Data Loading (CSV, Excel, SQL, APIs) - Programming for Machine Learning and Business

Welcome to the Great Data Buffet, where we feast on CSVs, Excel sheets, SQL databases, APIs — and even understand what data truly means.

Before we can do Machine Learning, we first have to do Machine Feeding. 🤖🥄

🧠 Why This Matters¶

Your ML model is only as good as the data you feed it. Think of this chapter as learning how to open the right doors to the right kitchens — because business data hides everywhere:

Finance teams live in Excel
Engineers hide data in SQL databases
Marketing pulls it from APIs
And sometimes… it’s just a CSV file on someone’s desktop named “final_version_9_REAL.csv”

💡 If your dataset name has the word final in it, it’s never final.

⚙️ Prerequisite: Python & Pandas¶

We’ll be using the pandas library — the king of data handling in Python.
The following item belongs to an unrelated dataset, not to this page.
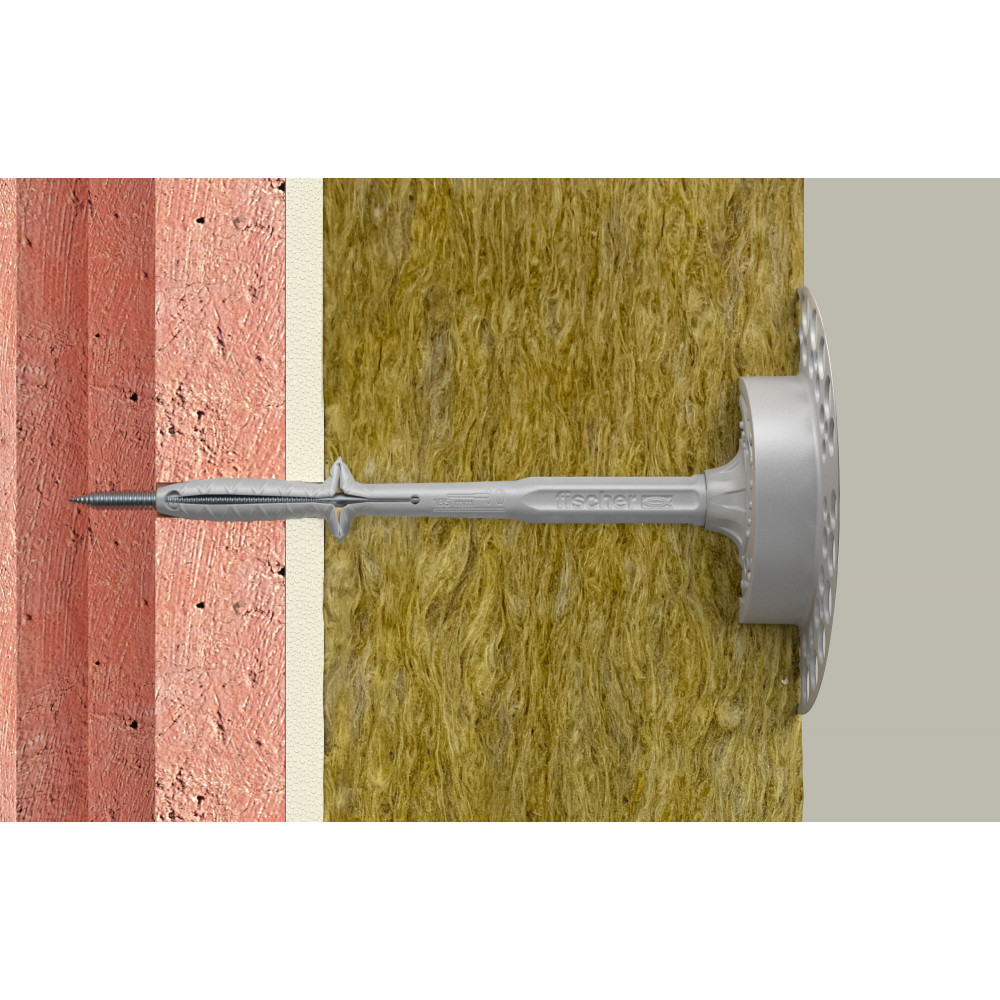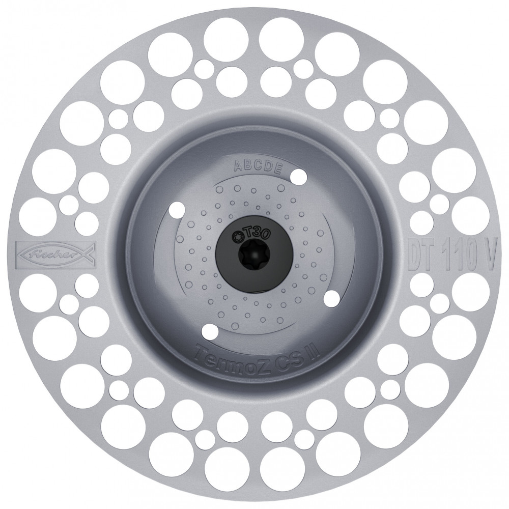 Fischer Termoz CS 8 DT 110V je špeciálna tanierová hmoždinka určená na upevnenie mäkkých tepelných izolantov na betón, plné i dierované murivo, pórobetón a ľahčený betón v súlade s Európskym certifikátom. Kotva sa skladá z plášťa, špeciálneho taniera s priemerom 110 mm a materiálovo kombinovanej skrutky. Táto špeciálna kombinácia predchádza vzniku problémových škvŕn na finálnej fasáde. Termoz CS 8 DT 110V je určená pre zápustnú montáž, ktorá sa robí pomocou AKU skrutkovačky. Po montáži sa zapustená časť hmoždinky zakryje viečkom. Tým je povrch izolantu pripravený na brúsenie a stierkovanie.

If you’re not comfortable with it yet, check out: 👉 📘 Programming for Business

🧾 Understanding Data¶

The Latin word data is the plural of datum — “(thing) given.” Its first recorded English use dates back to the 1640s. By 1946, data referred to “transmissible and storable computer information.” (Source: Wikipedia)

Data exists in many forms — geographical, cultural, financial, statistical, meteorological, and more.

🔍 Types of Data¶

Type	Description	Example
Numerical	Quantitative values	Stock price, sales volume
Categorical	Distinct groups	Sector: IT, Pharma, Banking
Time Series	Indexed by time	Daily closing prices
Textual	Unstructured data	News headlines, financial reports
Ordinal	Ordered categories	Credit ratings: AAA, AA, A, BBB...

✨ Key Insights¶

Data Scales: Nominal, ordinal, interval, ratio
Sources: Primary (e.g., internal reports) vs. Secondary (e.g., public indices)
Time-Series Components:
$y_t = T_t + S_t + \epsilon_t$
(1)
where $T_t$ = trend, $S_t$ = seasonality, and $\epsilon_t$ = noise.

📘 Pandas Basics - Object Creation¶

Creating a Series¶

A Series is a one-dimensional labeled array that can hold data of any type (integers, strings, floats, Python objects, etc.).

import numpy as np
import pandas as pd

# Creating a Series from a list
s = pd.Series([1, 3, 5, np.nan, 6, 8])
s

Creating a DataFrame with NumPy Array¶

You can create a DataFrame by passing a NumPy array with a datetime index using pd.date_range() and labeled columns:

dates = pd.date_range("20130101", periods=6)
dates
df = pd.DataFrame(np.random.randn(6, 4), index=dates, columns=list("ABCD"))
df

Creating a DataFrame from a Dictionary¶

Creating a DataFrame by passing a dictionary where keys are column labels and values are the column values:

df2 = pd.DataFrame(
    {
        "A": 1.0,
        "B": pd.Timestamp("20130102"),
        "C": pd.Series(1, index=list(range(4)), dtype="float32"),
        "D": np.array([3] * 4, dtype="int32"),
        "E": pd.Categorical(["test", "train", "test", "train"]),
        "F": "foo",
    }
)
df2

📁 Reading and Writing Data Files¶

CSV Files¶

Pandas provides easy methods to read from and write to CSV files:

# Create sample data
df_sample = pd.DataFrame(np.random.randint(0, 5, (10, 5)))

# Writing to CSV
df_sample.to_csv("foo.csv")
print("Data written to foo.csv")

# Reading from CSV
df_read = pd.read_csv("foo.csv")
df_read

Parquet Files¶

Parquet is a columnar storage format that’s efficient for large datasets:

# Writing to Parquet
df_sample.to_parquet("foo.parquet")
print("Data written to foo.parquet")

# Reading from Parquet
df_parquet = pd.read_parquet("foo.parquet")
df_parquet

Excel Files¶

Reading and writing Excel files is straightforward with pandas:

# Writing to Excel
df_sample.to_excel("foo.xlsx", sheet_name="Sheet1")
print("Data written to foo.xlsx")

# Reading from Excel
df_excel = pd.read_excel("foo.xlsx", "Sheet1", index_col=None, na_values=["NA"])
df_excel

Manual DataFrame Creation (Programmatic / In-Memory Data)¶

You can create DataFrames manually using Python dictionaries, lists, or records. This is particularly useful for testing, quick experiments, or small structured datasets.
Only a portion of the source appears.